Trusting-trust. Ken Thompson's classic result: a self-hosting compiler can carry a flaw that reproduces into every version it compiles, invisibly, because the corruption lives in the compiling compiler, not in the clean-looking source. Kukeon's version of this is sharp — it's the meta-agent evaluating changes to its own judgment. A bad refinement to how the system evaluates refinements would propagate into all future evaluations, and every diff would still look clean. The defense is exactly the human merge gate: a trusted stage-0 that a corrupted stage-N cannot certify away. This is why the human stays in the loop on purpose, not as a temporary limitation.

Divergence. A miscompiled compiler can produce a compiler that produces garbage, and if you've dropped the seed, you can't get back. The mitigations are the compiler-builder's: keep the seed (stay stage-0 longer than feels necessary), keep every intermediate stage reproducible (the Git trail is the reproducible build log), and test the fixpoint before trusting it.

This is the test the whole design is pointed at — and it's why the most-requested feature, an agent that merges autonomously and removes the human, is deliberately deferred. Even the most aggressive teams in this space keep a human on the merge. You don't drop the seed until self-hosting is proven stable. The drink separates if you stop stirring too early.

Which, finally, is why the name is what it is. Heraclitus wrote that the kykeon — a barley drink — separates if it isn't stirred. He meant it as an image of the logos: order isn't a static state, it's a process held together by motion. A bootstrapping compiler has exactly that nature. It isn't an artifact; it's a process that stays itself only by continuously running on itself. Kukeon is order through motion — it becomes what it is only while it keeps building and refining itself.

Where it stands¶

Kukeon is beta. The runtime, daemon, and hierarchy are stable for single-host use. The agent organization and Loops A and B run today, through human-merged PRs. The Blueprint/Config model is the daemon-stored cell-description layer. Leases, the projection/cache layer, the typed plan-graph, and Loop C are the active frontier. The autonomous approver — the one that would remove the human merge gate — is deliberately on the far side of "prove the fixpoint first."
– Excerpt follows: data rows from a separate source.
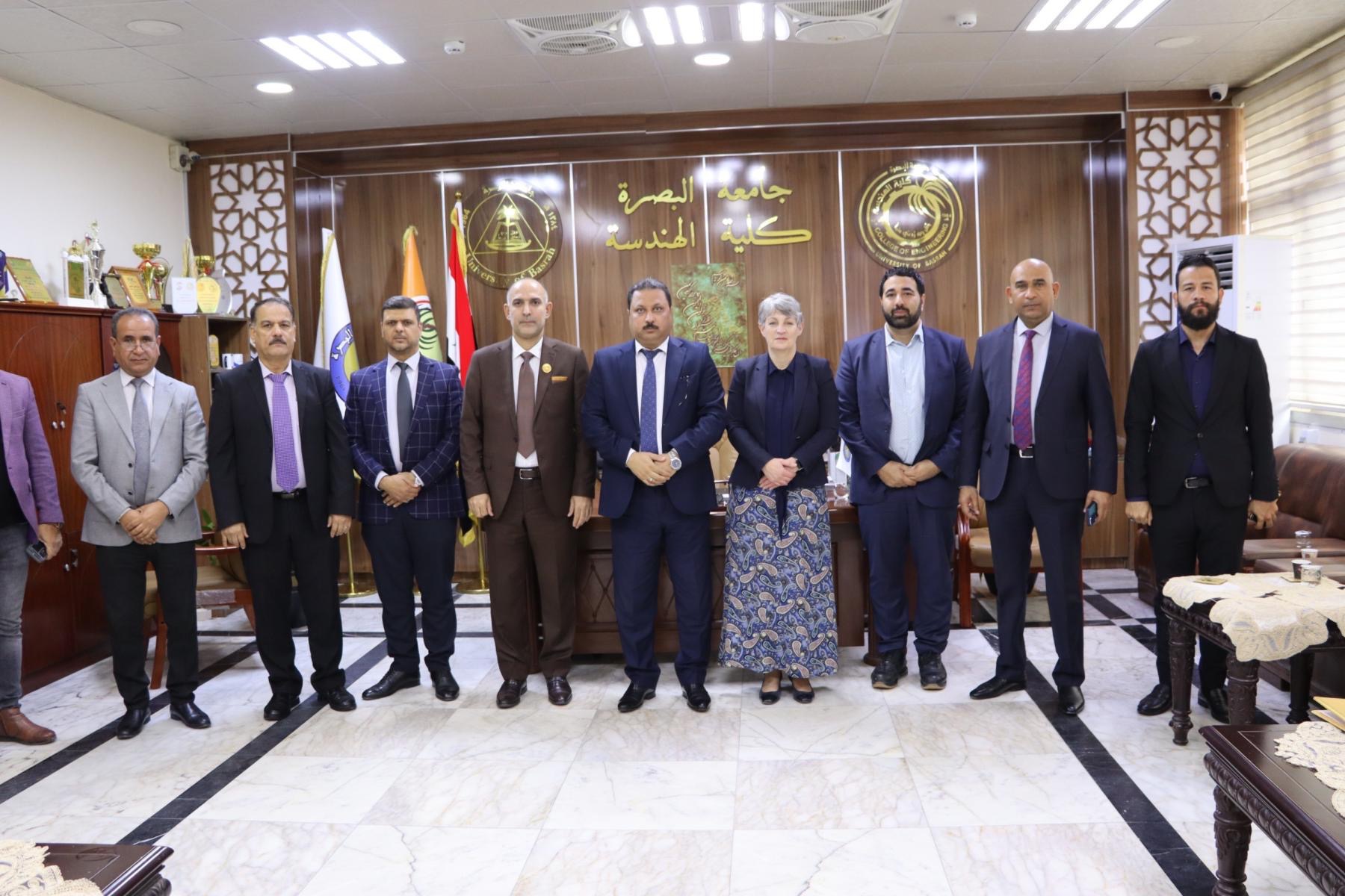 College of Engineering at University of Basrah received a delegation from Al-Nahrain Network at University College London, Department of History. The delegation was represented by Director of the Al-Nahrain Network, Professor Elinor Robson, and she was accompanied by Mr. Mahyar Abd. The visit coincided with the visit of the President of University of Basra, Professor Dr. Muhannad Jawad Kazem, to College of Engineering. The delegation was received by Dean of the College of Engineering, Dr. Mufid Turki Rashid, Assistant Dean for Administrative Affairs, Dr. Sarmad Abdullah Abbas, Assistant Dean for Student Affairs, Dr. Adeed Habib Taha, and Assistant Dean for Scientific Affairs. Professor Dr. Mounir Abdel Jalil and Head of the Department of Architecture, Dr. Hamid Hayab Samir, discussed during the meeting topics related to visual heritage and the mechanism of advancement in visual architecture. The visit aims to strengthen relations between the London College and the College of Engineering and extend bridges of cooperation between the two universities. These meetings come within the framework of the continued keenness to open up to international networks and universities.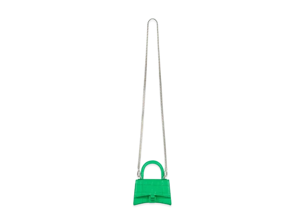 BALENCIAGA Women's Hourglass Mini Top Handle Bag With Chain "Green"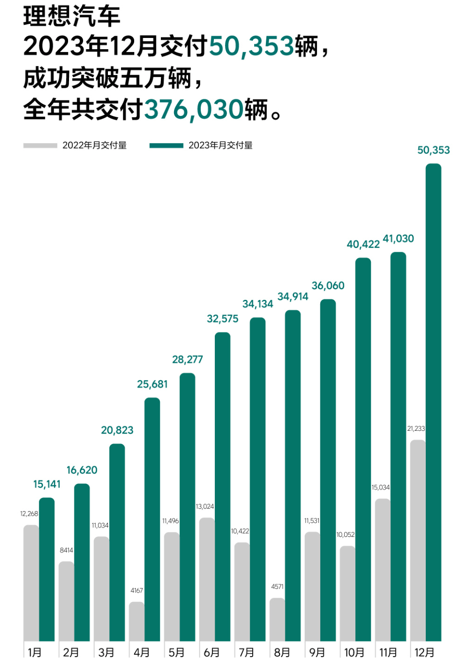 作為新勢力的代表,理想汽車今年表現(xiàn)也同樣亮眼。其公布的數(shù)據(jù)顯示,2023年12月,理想汽車交付新車5.04萬輛,同比增長137.1%。這也是理想汽車首次月交付超過5萬大關,兌現(xiàn)了CEO李想此前的承諾。整體來看,理想在2023年累計交付37.6萬輛,同比增長182.2%。截至2023年12月31日,理想汽車累計交付量超60萬輛,是交付量最高的新勢力車企。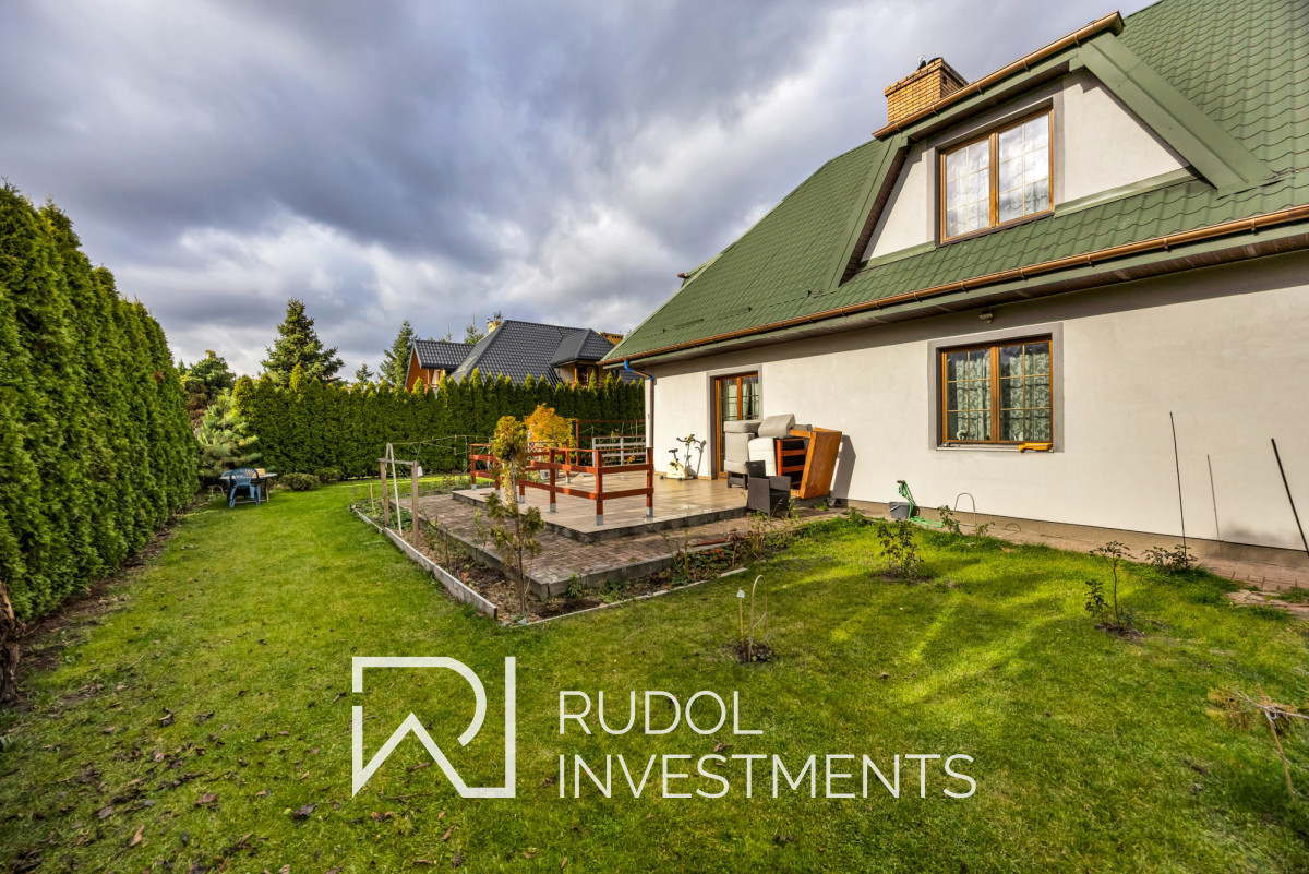 Dom posiada cztery kondygnacje począwszy od piwnicy do poddasza nieużytkowego, został wykonany w tradycyjnej technologii murowanej, z cegły. Posesja jest ogrodzona, a podjazd wyłożony został kostką. Na działce 980 m2 wokół domu znajduje się ogród urządzony przez właścicielkę z uprawą róż. W bryle budynku znajduję się garaż i przed nim dodatkowe miejsca postojowe co najmniej na dwa samochody.

Built so far: the runtime and hierarchy; daemon lifecycle; the agent roles and skills; reflection-on-hook; process learning (Loop A) and product-defect feedback (Loop B). In flight: Blueprint/Config, leases, the projection layer, the plan-graph as a typed object, runtime feedback (Loop C). Deliberately not built yet: anything that takes the human off the merge.

If the design has a single thesis, it's this: autonomy and accountability aren't in tension if every action the system takes — including the actions it takes to improve itself — is an owned, inspectable, human-approved diff. The agents do the work. The forge holds the truth. The human holds the seed. And the whole thing is itself only while it's being stirred.

Kukeon is open-source (Apache 2.0), built in the open at github.com/eminwux/kukeon.